**Collected material**.
···

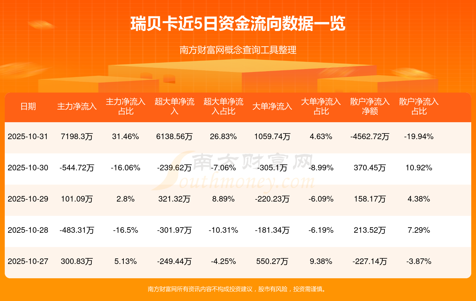 10月31日消息,资金净流入7198.3万元,超大单资金净流入6138.56万元,成交金额2.29亿元。
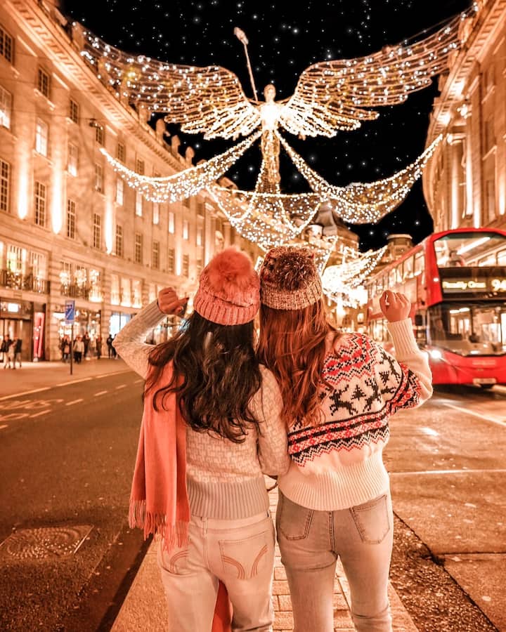 体验伦敦圣诞夜的璀璨魔力:五彩缤纷的灯光、节日人潮和永恒的节日氛围。
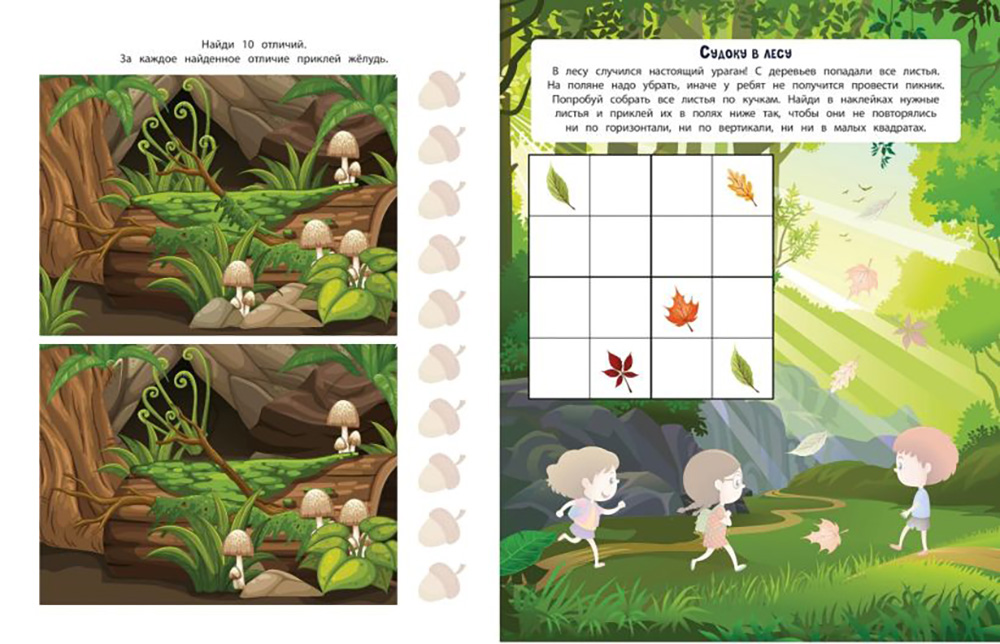 Обучающая книга-игра и более 150 ярких наклеек для любознательных озорников! Отправляйся в увлекательное путешествие! Ты узнаешь, какие бывают леса, как называются животные и птицы, которые в них обитают, найдёшь выход из запутанного лабиринта, сыграешь в лесное судоку, а ещё сможешь весело провести время с коллекцией ярких наклеек!| Издательство | Эксмо |

···

**About this task**. The data is to be returned exactly as it stands, pictures aside.

**Answer to this exercise**.
 10月31日消息,资金净流入7198.3万元,超大单资金净流入6138.56万元,成交金额2.29亿元。
 体验伦敦圣诞夜的璀璨魔力:五彩缤纷的灯光、节日人潮和永恒的节日氛围。
 Обучающая книга-игра и более 150 ярких наклеек для любознательных озорников! Отправляйся в увлекательное путешествие! Ты узнаешь, какие бывают леса, как называются животные и птицы, которые в них обитают, найдёшь выход из запутанного лабиринта, сыграешь в лесное судоку, а ещё сможешь весело провести время с коллекцией ярких наклеек!| Издательство | Эксмо |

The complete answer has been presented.